Tips for a great steak


Recently, I was asked how to grill a steak. Here’s a few tips on how to grill up a tasty, juicy steak. My favorite cut is the rib eye, but the same tips apply to other cuts.

  1. Meat: Get good quality meat, 1-1.5″ inches thick. Look for a nice even marbling of fat throughout the slab of meat. Fat is flavor, and will help to keep it moist and juicy while it cooks. I typically get my steaks from Costco or Whole Foods.

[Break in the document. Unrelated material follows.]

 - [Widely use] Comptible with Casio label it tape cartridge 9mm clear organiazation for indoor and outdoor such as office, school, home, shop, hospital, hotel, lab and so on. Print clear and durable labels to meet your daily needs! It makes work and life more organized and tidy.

  2. Season: You can simply season the steaks with kosher salt if you’re a purist. I like using Emeril’s Steak Rub as I enjoy the combination of spices. Lightly apply some canola or vegetable oil to the steaks and then apply your rub. The oil will help deliver the flavor of the rub to the steak. After seasoning, let your steaks come to room temperature for at least 30 minutes, covered with some saran wrap/cling film.
  3. Heat: I cook my steaks on a $99 weber grill that I got from Home Depot. I use any charcoal readily available. I like the high heat that grilling over charcoal provides. Use a charcoal chimney to get your coals nice and hot. When flames are coming off the top of the chimney and the coals are starting to turn ashy white, pile the coals on one half of your grill. This helps to focus the heat and leave room for you to move your steaks in case you run into flare-ups.

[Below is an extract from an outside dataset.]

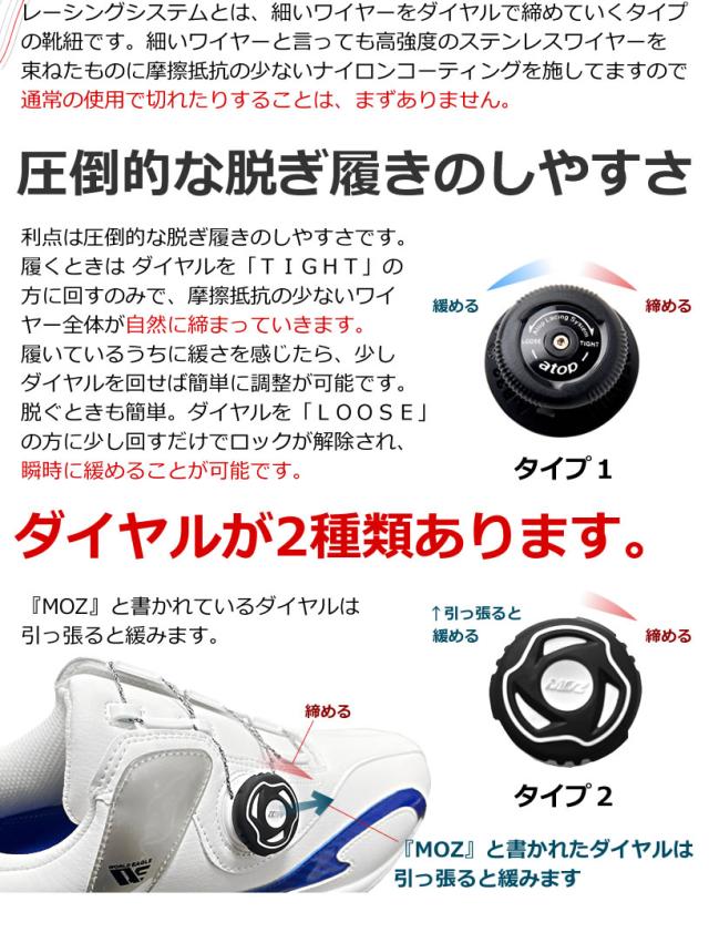 atopレーシングシステムとは、細いワイヤーをダイヤルで締めていくタイプの靴紐です。細いワイヤーと言っても高強度のステンレスワイヤーを束ねたものに摩擦抵抗の少ないナイロンコーティングを施してますので、通常の使用で切れたりすることは、まずありません。

  4. Leave it alone: Once you start grilling the steaks, leave them alone. Only touch the steaks if you encounter a flare-up. If this happens, spray the coals with a spray bottle filled with water to make the flames subside, or drag the steaks to the cool side of the grill until the flames die out, then drag the steaks back to their spot. I prefer my steaks medium rare. For ribeyes, I cook the steaks for about 3 minutes each side, depending on the thickness.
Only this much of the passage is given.